OpenID Connect Overview¶
OpenID Connect is an identity layer built on top of OAuth 2.0. It enables applications to verify user identities and obtain basic profile information in a standardized way.
OpenID Connect 1.0 is a simple identity layer on top of the OAuth 2.0 [RFC6749] protocol. It enables Clients to verify the identity of the End-User based on the authentication performed by an Authorization Server, as well as to obtain basic profile information about the End-User in an interoperable and REST-like manner.

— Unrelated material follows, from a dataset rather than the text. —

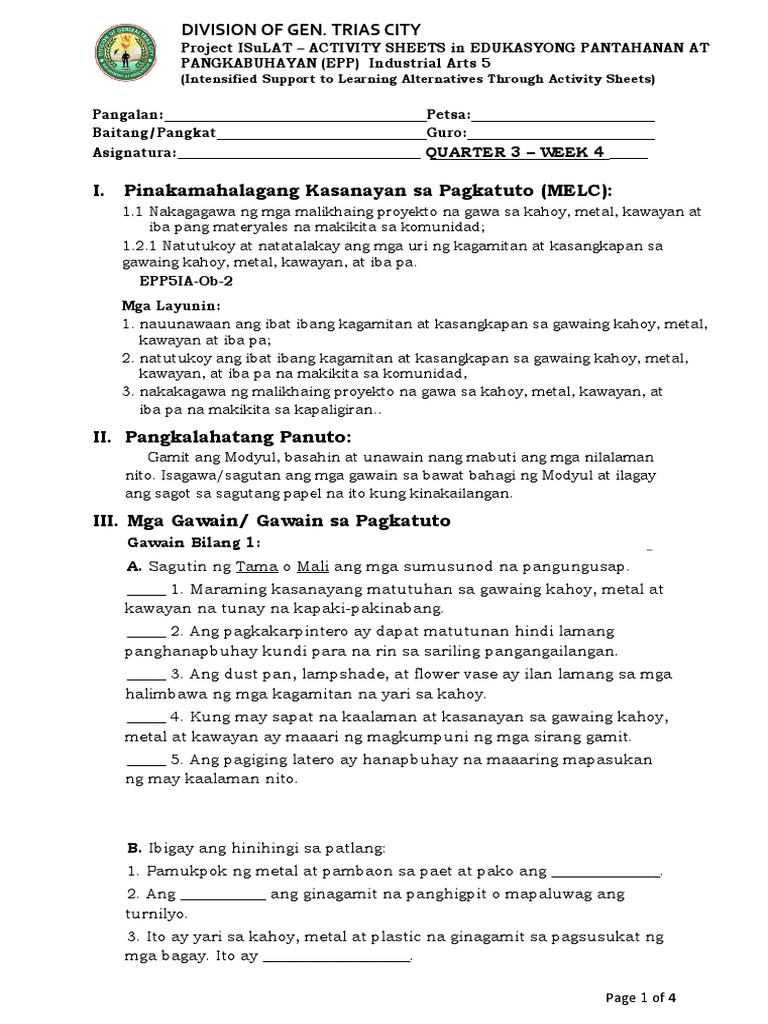 Quarter 3 - Week 4: Project Isulat - Activity Sheets in Edukasyong Pantahanan at PANGKABUHAYAN (EPP) Industrial Arts 5 | PDF

The access token returned by OpenID Connect is a signed JWT token (JSON Web Token) containing claims about the user.
django-entra-auth uses this access token to:
- Validate the token issuer by verifying the signature
- Keep the Django users database up to date
- Authenticate users based on the claims in the token
Microsoft Entra ID and OpenID Connect¶
Microsoft Entra ID fully supports the OpenID Connect protocol, providing a robust identity and access management solution.
django-entra-auth uses the Authorization Code Flow, which is the most secure flow for server-side applications.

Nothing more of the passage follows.